CHAPTER VII
THE PEASANTRY OF THE NORTH
Communal Land—System of Agriculture—Parish Fetes—Fasting—Winter Occupations—Yearly Migrations—Domestic Industries—Influence of Capital and Wholesale Enterprise—The State Peasants—Serf-dues—Buckle’s “History of Civilisation”—A precocious Yamstchik—“People Who Play Pranks”—A Midnight Alarm—The Far North.
Ivanofka may be taken as a fair specimen of the villages in the northern half of the country, and a brief description of its inhabitants will convey a tolerably correct notion of the northern peasantry in general.
Nearly the whole of the female population, and about one-half of the male inhabitants, are habitually engaged in cultivating the Communal land, which comprises about two thousand acres of a light sandy soil. The arable part of this land is divided into three large fields, each of which is cut up into long narrow strips. The first field is reserved for the winter grain—that is to say, rye, which forms, in the shape of black bread, the principal food of the rural population. In the second are raised oats for the horses, and buckwheat, which is largely used for food. The third lies fallow, and is used in the summer as pasturage for the cattle.

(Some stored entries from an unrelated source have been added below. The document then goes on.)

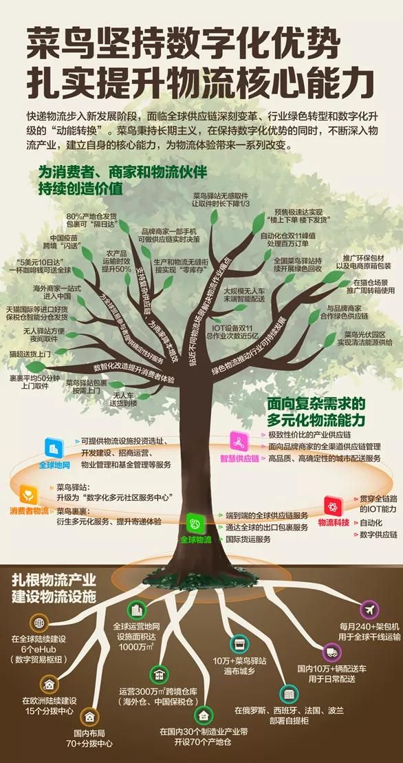 此外,菜鸟还在全球布局6大智慧物流枢纽,海外分拨中心15个,覆盖全球近200个国家及地区。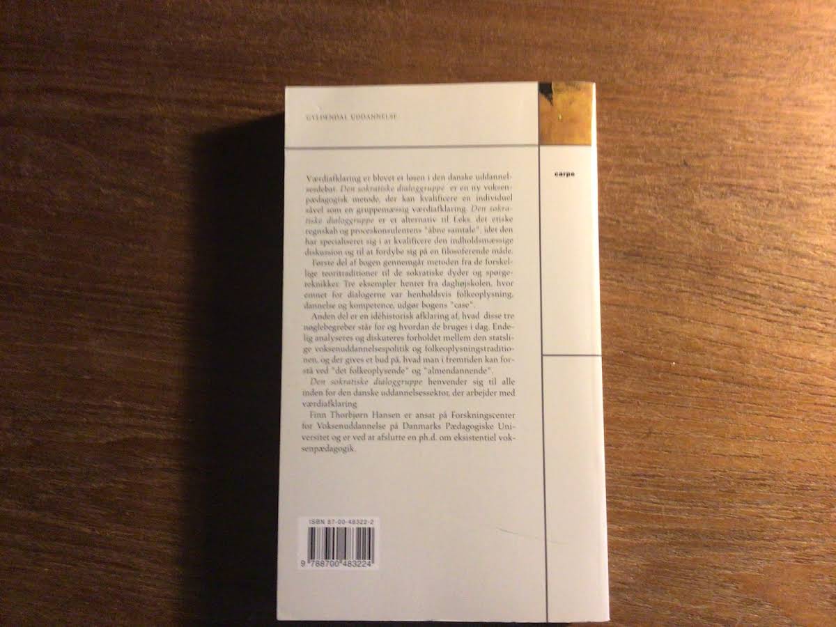I "Den sokratiske dialoggruppe – Et værktøj til værdiafklaring" præsenteres læseren for en metode, der kombinerer den sokratiske samtale med konkrete praksiseksempler for både individuel og organisatorisk værdiafklaring. Bogen indeholder en systematisk gennemgang af, hvordan denne dialoggruppe kan benyttes til at belyse og udfordre de grundlæggende værdier, som rører op i centrale debatter om folkeoplysning, dannelse og kompetence. Med et kritisk blik på det udbredte fokus på kompetencebegrebet, tilbyder forfatteren Finn Thorbjørn Hansen en nødvendig refleksion og en ny tilgang til værdiafklaring. Denne første udgave fra Gyldendal indeholder 351 sider, hvor den sokratiske metode præsenteres som et innovativt redskab, der allerede er i brug i blandt andet Tyskland, Holland og England, og som kan inspirere alle, der arbejder med eller er interesseret i pædagogik og værdibaseret undervisning.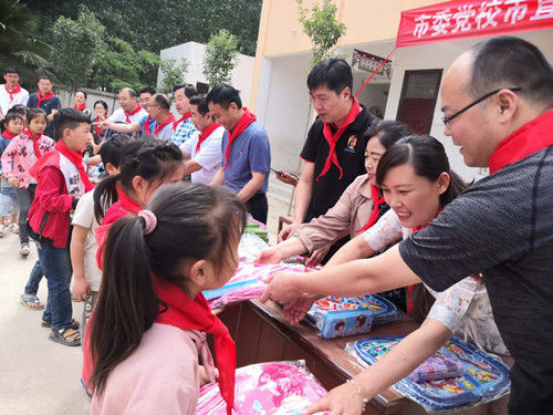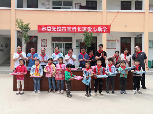 5月29日上午,2019年度市委黨校春季市直科長班20多名學員代表,在該校副校長高鵬帶領下,來到西華縣大王莊鄉東孫莊小學開展愛心助學活動,為48名小學生送去圖書、書包、文具盒等“六一”禮包。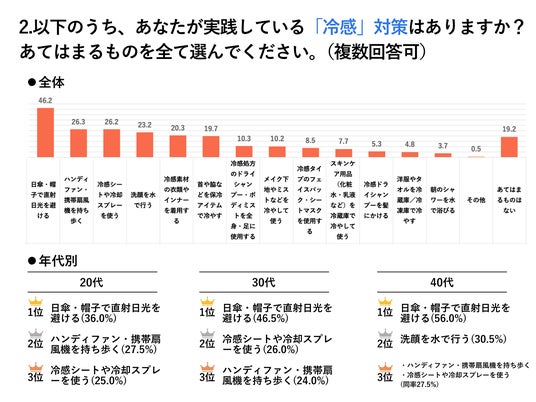 2.実践している冷感対策:「日傘・帽子」が定番。20代は「ハンディファン」、40代は「水洗顔」など年代ごとで対策が異なる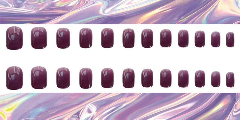 Special Offer 24 Sztuk/pudło Pełna Pokrywa Krótkie Sztuczne Paznokcie Czysty Fioletowy Błyszczące Urocze Kolorowe Sztuczne Paznokcie Pełne Owinięte Porady Francuski Styl Discount 45% Today!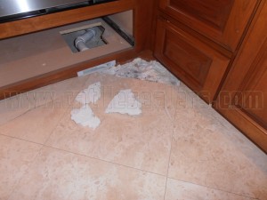 The pictures below depict what can happen as a result of slab leak. The white powdery substance is “efflorescence”. Basically efflorescence is a salt deposit that is brought to the surface by evaporating moisture. As the moisture passes through the slab, trying to escape, it carries the salt to the surface. Judging by the amount of efflorescence, this has been leaking for quite some time. The pressure created by the build up of salt between the slab and the stone was so great, that the stone fractured. The salt actually disintegrated the mortar as well.

All the villagers in this part of the country divide the arable land in this way, in order to suit the triennial rotation of crops. This triennial system is extremely simple. The field which is used this year for raising winter grain will be used next year for raising summer grain, and in the following year will lie fallow. Before being sown with winter grain it ought to receive a certain amount of manure. Every family possesses in each of the two fields under cultivation one or more of the long narrow strips or belts into which they are divided.